======== PROVIDED DATA ========

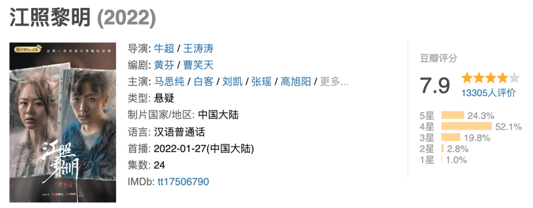 芒果TV“季风剧场”则上线了悬疑题材《江照黎明》,类型差异化之下,作品口碑持续发酵,豆瓣7.8分的开分成绩,也为“季风剧场”继《我在他乡挺好的》之后,再度迎来高分作品。
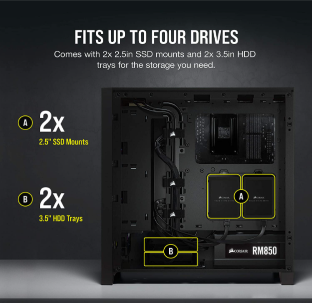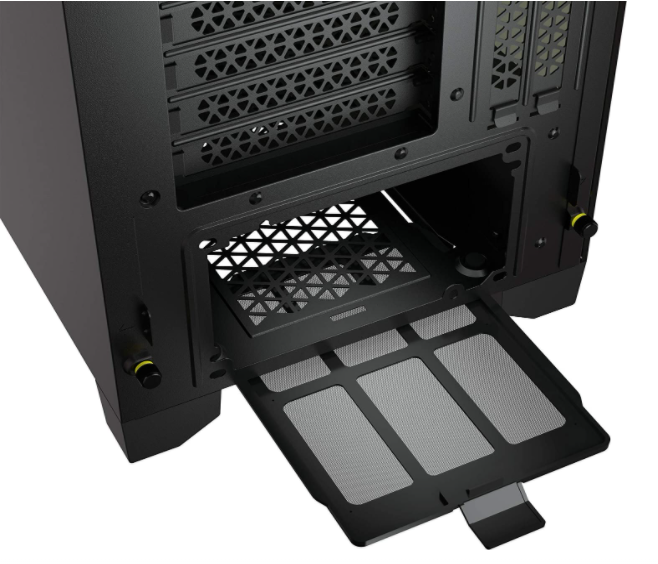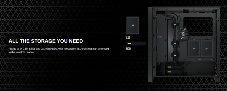 필요한 모든 스토리지, 최대 2개의 2.5인치 SSD 및 2개의 3.5인치 HDD에 적합하며 전면 PSU 컨버로 이동할 수 있는 재배치 가능한 SSD 트레이가 있습니다.
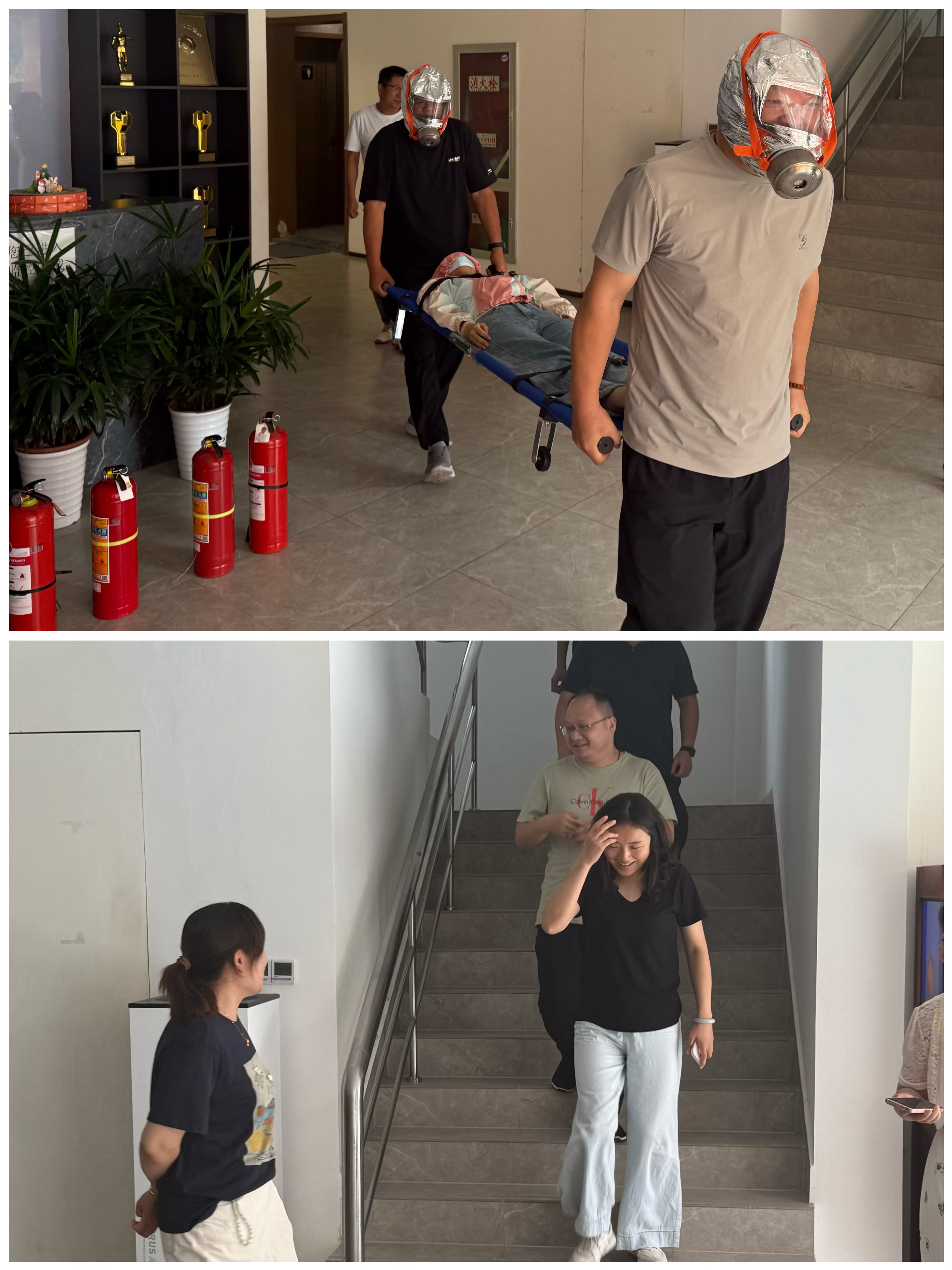 1. 應急疏散演練隨著警報聲響起,全體員工立即進入緊急狀態(tài)。在疏散引導員的指揮下,大家彎腰低姿、捂住口鼻,按照預定路線快速有序撤離至安全區(qū)域。
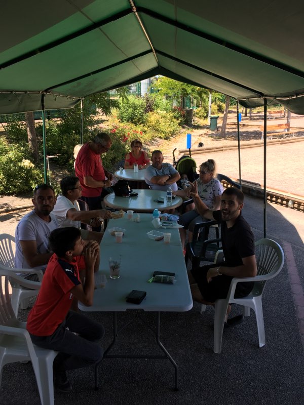 La participation de quelques personnes non licenciées au club mais qui sont des ami(e)s réguliers de SDP18, La Fouge, membre honoraire, Jennifer, fille de JL, et Nadine RACLIN, amie de Maryse. Quelques-uns se sont réunis autour d’une plancha en prélude à la compétition.
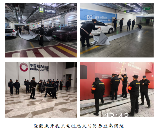 为有效应对和处置各类突发事件,各驻勤班队有针对性地组织开展消防救援、反恐防暴等应急处突实战演练,演练紧扣安保工作实际场景,模拟突发事件处置流程,组织安保人员熟练掌握应急器材使用、现场秩序维护、人员疏散引导、初期火情处置等实操技能,进一步提升队伍快速反应、协同作战、高效处置能力。

========

DIRECTIONS: Transcribe the listing exactly, skipping pictures.

ANSWER SECTION:
 芒果TV“季风剧场”则上线了悬疑题材《江照黎明》,类型差异化之下,作品口碑持续发酵,豆瓣7.8分的开分成绩,也为“季风剧场”继《我在他乡挺好的》之后,再度迎来高分作品。
 필요한 모든 스토리지, 최대 2개의 2.5인치 SSD 및 2개의 3.5인치 HDD에 적합하며 전면 PSU 컨버로 이동할 수 있는 재배치 가능한 SSD 트레이가 있습니다.
 1. 應急疏散演練隨著警報聲響起,全體員工立即進入緊急狀態(tài)。在疏散引導員的指揮下,大家彎腰低姿、捂住口鼻,按照預定路線快速有序撤離至安全區(qū)域。
 La participation de quelques personnes non licenciées au club mais qui sont des ami(e)s réguliers de SDP18, La Fouge, membre honoraire, Jennifer, fille de JL, et Nadine RACLIN, amie de Maryse. Quelques-uns se sont réunis autour d’une plancha en prélude à la compétition.
 为有效应对和处置各类突发事件,各驻勤班队有针对性地组织开展消防救援、反恐防暴等应急处突实战演练,演练紧扣安保工作实际场景,模拟突发事件处置流程,组织安保人员熟练掌握应急器材使用、现场秩序维护、人员疏散引导、初期火情处置等实操技能,进一步提升队伍快速反应、协同作战、高效处置能力。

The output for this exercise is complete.